## MATERIAL PROVIDED
---------------

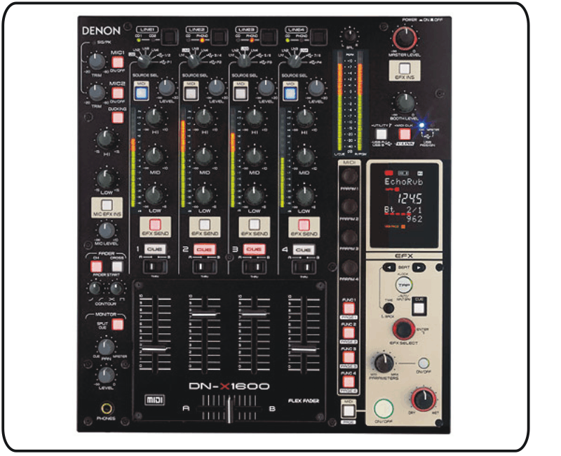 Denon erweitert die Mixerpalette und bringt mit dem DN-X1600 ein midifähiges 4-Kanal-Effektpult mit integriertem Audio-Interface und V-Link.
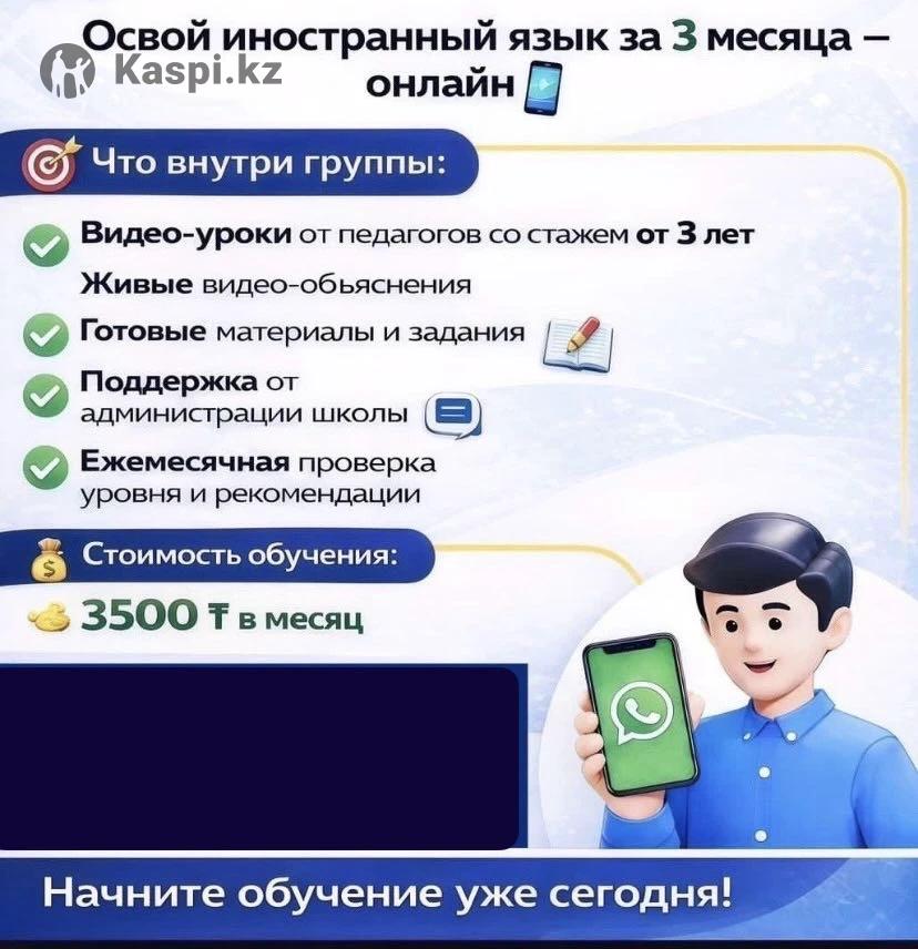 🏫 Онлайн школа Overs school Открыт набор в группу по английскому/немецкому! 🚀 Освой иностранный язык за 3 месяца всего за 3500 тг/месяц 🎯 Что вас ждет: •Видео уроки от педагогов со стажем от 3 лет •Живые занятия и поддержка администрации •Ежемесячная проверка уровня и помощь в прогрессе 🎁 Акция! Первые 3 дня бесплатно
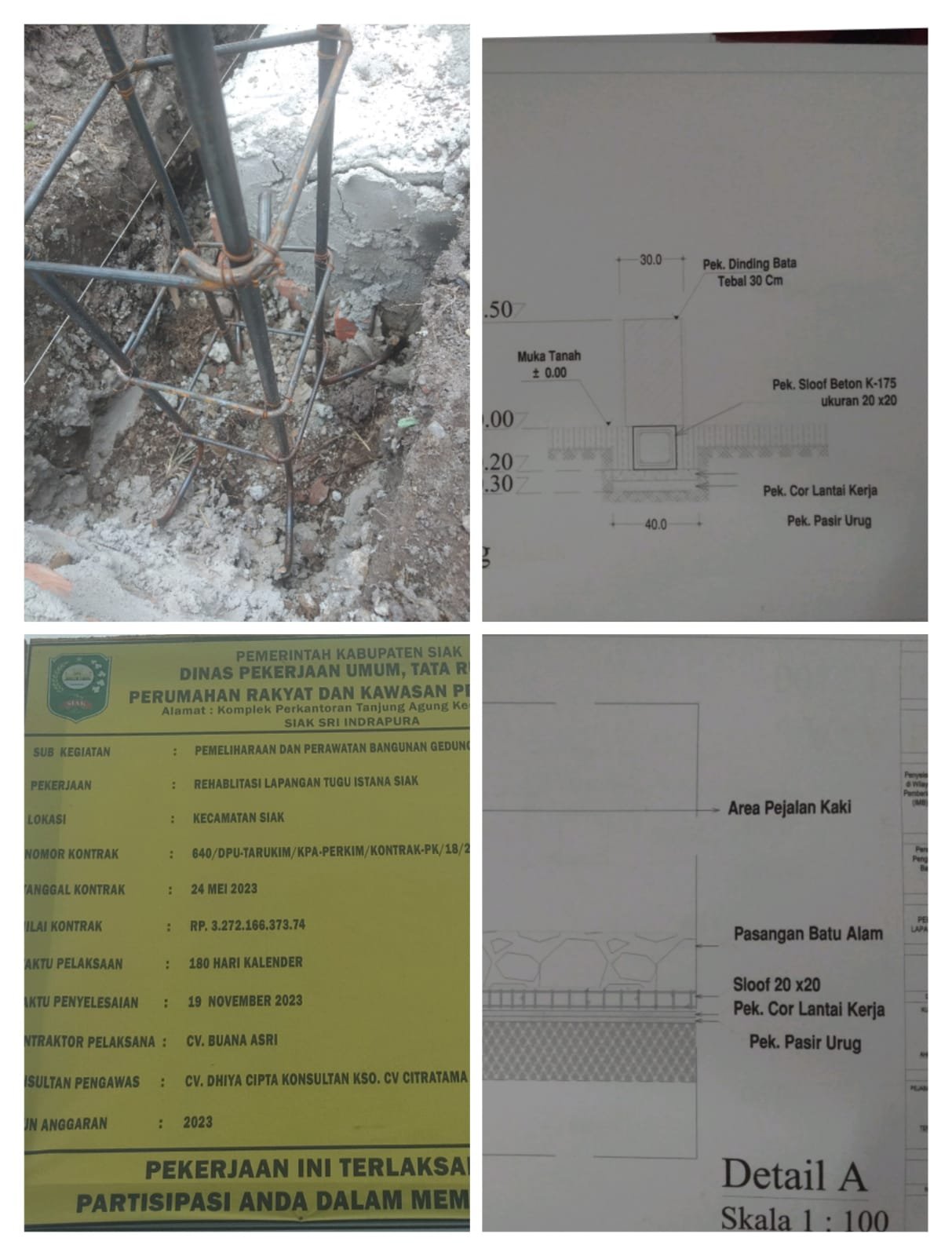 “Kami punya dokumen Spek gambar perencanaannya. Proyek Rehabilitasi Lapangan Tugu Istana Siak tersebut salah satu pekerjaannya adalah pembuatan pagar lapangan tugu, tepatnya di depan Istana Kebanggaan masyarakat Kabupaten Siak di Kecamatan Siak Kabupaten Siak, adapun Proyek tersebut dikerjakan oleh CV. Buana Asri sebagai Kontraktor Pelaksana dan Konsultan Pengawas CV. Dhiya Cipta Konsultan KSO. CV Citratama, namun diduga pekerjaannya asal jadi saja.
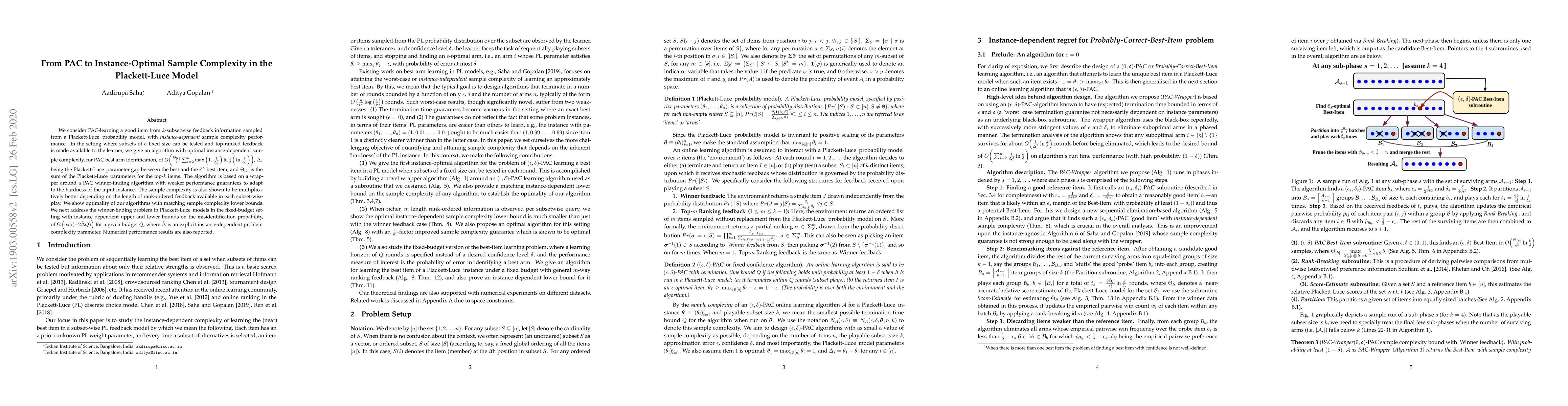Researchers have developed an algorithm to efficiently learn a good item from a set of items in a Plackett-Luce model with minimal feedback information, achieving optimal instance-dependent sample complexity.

---------------

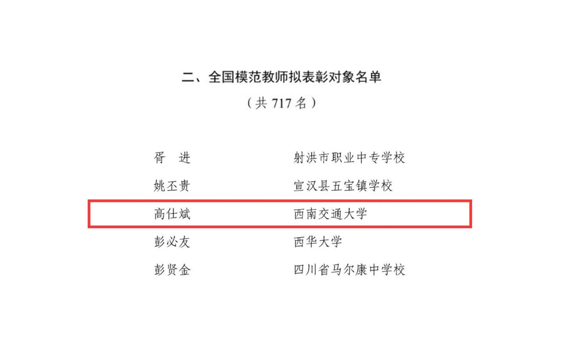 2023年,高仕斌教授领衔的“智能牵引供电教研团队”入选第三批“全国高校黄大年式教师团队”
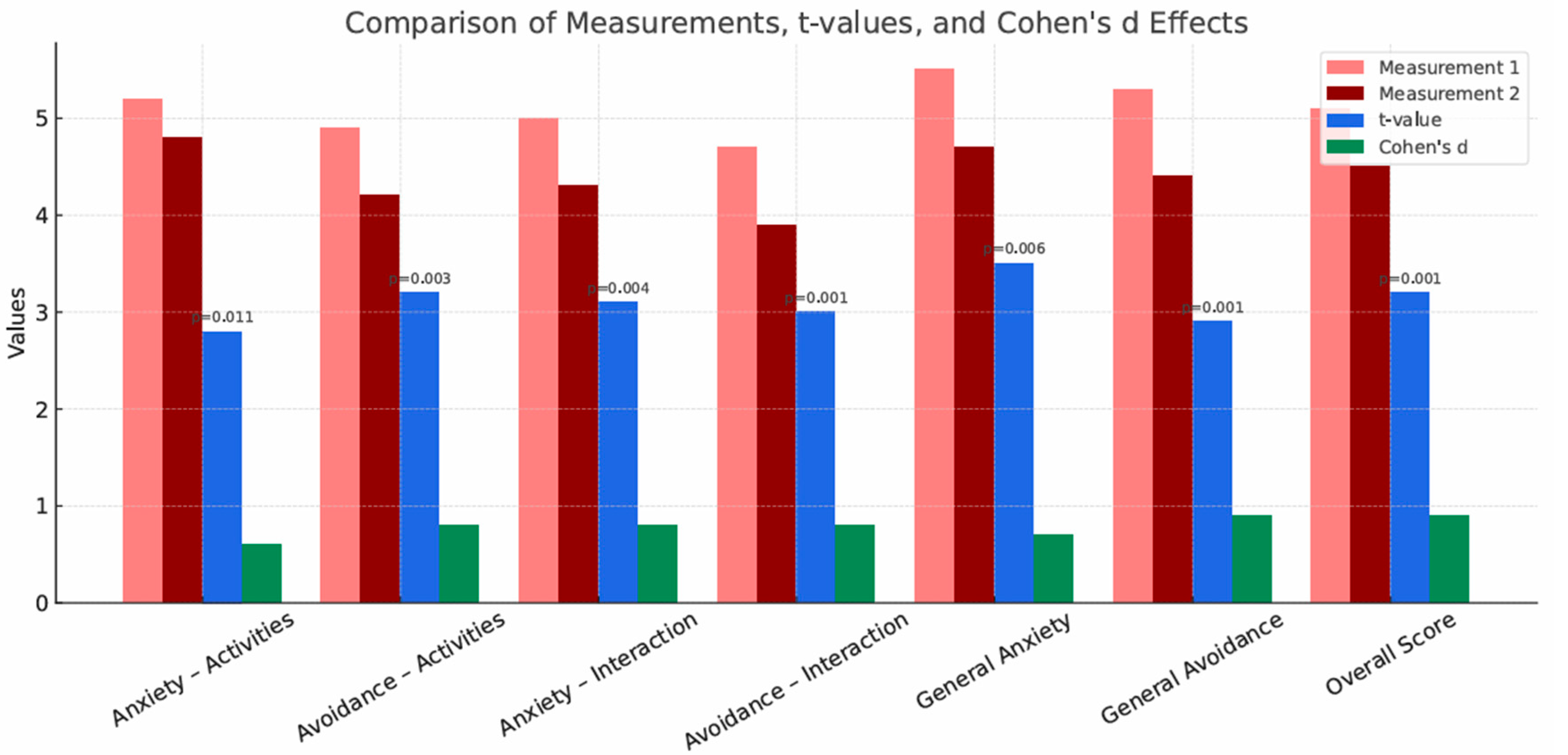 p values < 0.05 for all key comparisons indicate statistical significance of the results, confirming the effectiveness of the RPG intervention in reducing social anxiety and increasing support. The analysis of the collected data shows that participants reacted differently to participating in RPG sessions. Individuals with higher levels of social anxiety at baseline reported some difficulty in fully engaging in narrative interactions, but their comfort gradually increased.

---------------

Above are the records; restate exactly the lines from the one containing "2023年,高仕斌教授领衔的" through the one containing "p values < 0.05", keeping pictures out.

## SOLVED EXERCISE
 2023年,高仕斌教授领衔的“智能牵引供电教研团队”入选第三批“全国高校黄大年式教师团队”
 p values < 0.05 for all key comparisons indicate statistical significance of the results, confirming the effectiveness of the RPG intervention in reducing social anxiety and increasing support. The analysis of the collected data shows that participants reacted differently to participating in RPG sessions. Individuals with higher levels of social anxiety at baseline reported some difficulty in fully engaging in narrative interactions, but their comfort gradually increased.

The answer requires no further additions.